Alla fine il tutto si gioca sul tempo che scorre e sul tempo che resta.
Alice: «Per quanto tempo è per sempre?»
Bianconiglio: «A volte, solo un secondo».
(Lewis Carrol, Alice nel paese delle meraviglie)
Haruki si lascia pervadere dallo spirito e dalla vitalità di Sakura e alla fine, in qualche modo, è come se avesse veramente mangiato il suo pancreas, assimilando tutto il buono e il bello che la ragazza aveva da donargli.

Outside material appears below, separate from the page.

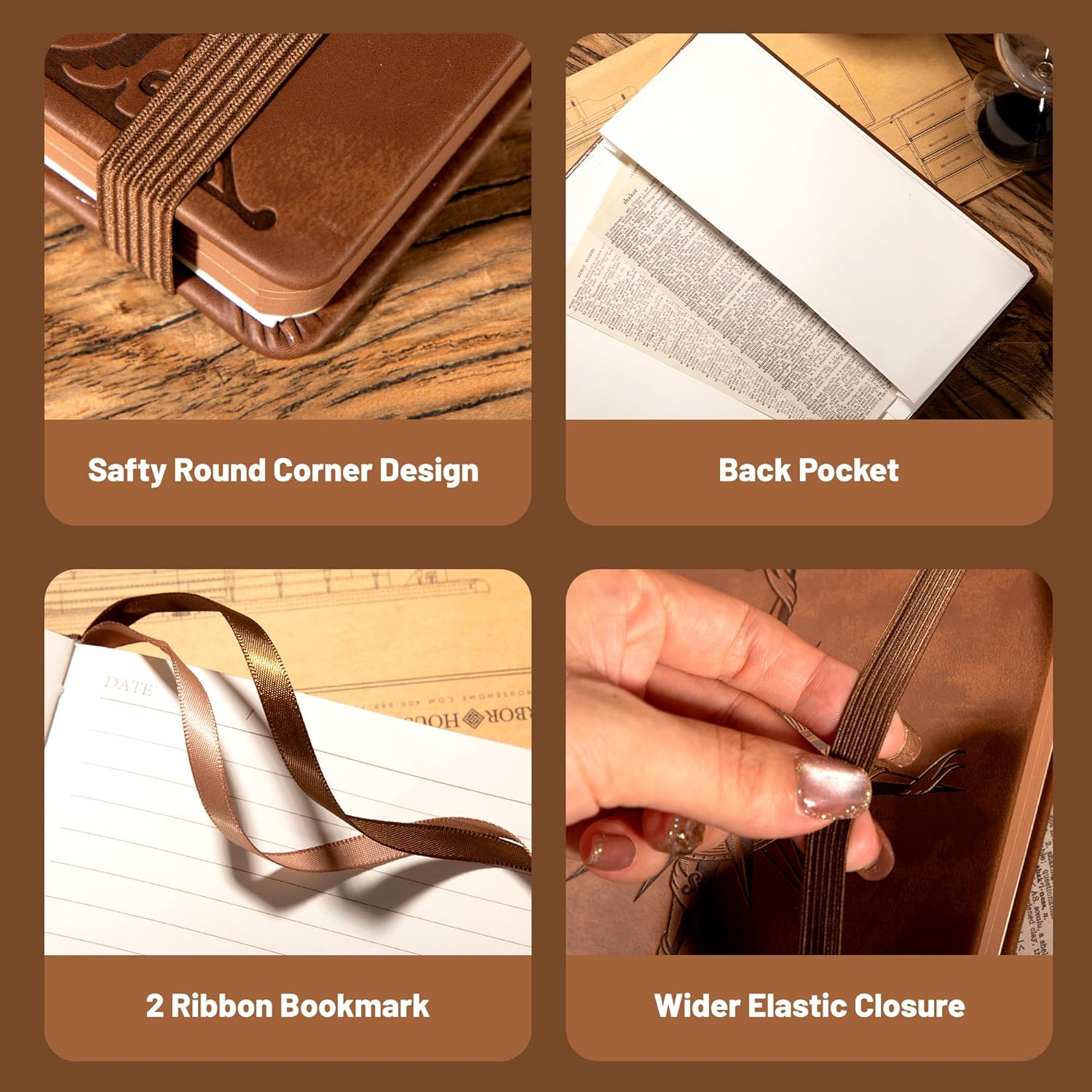 • 【Notebook Features】: Leather bound notebook has 2 Exquisite ribbon bookmarks to help you find content faster; 1 Elastic closure strap to keep the notebook closed; 1 leather stitched pen holder, can hold most pens; 1 Inner pocket for appointment cards, notes, receipts and more.

Sakura: «Vivere è arrivare al cuore delle persone. Credo che “vivere” significhi questo: prestare attenzione a qualcuno, innamorarsi di qualcuno, odiare qualcuno, divertirsi con qualcuno, tenersi per mano con qualcuno, questo è vivere. Se sei da solo non puoi dire di esistere, le tue relazioni con gli altri ti dicono che sei vivo, è questo che penso, il mio cuore c’è perché ascolta gli altri, il mio corpo esiste perché è toccato dagli altri. Ecco perché ha senso dire di essere viva».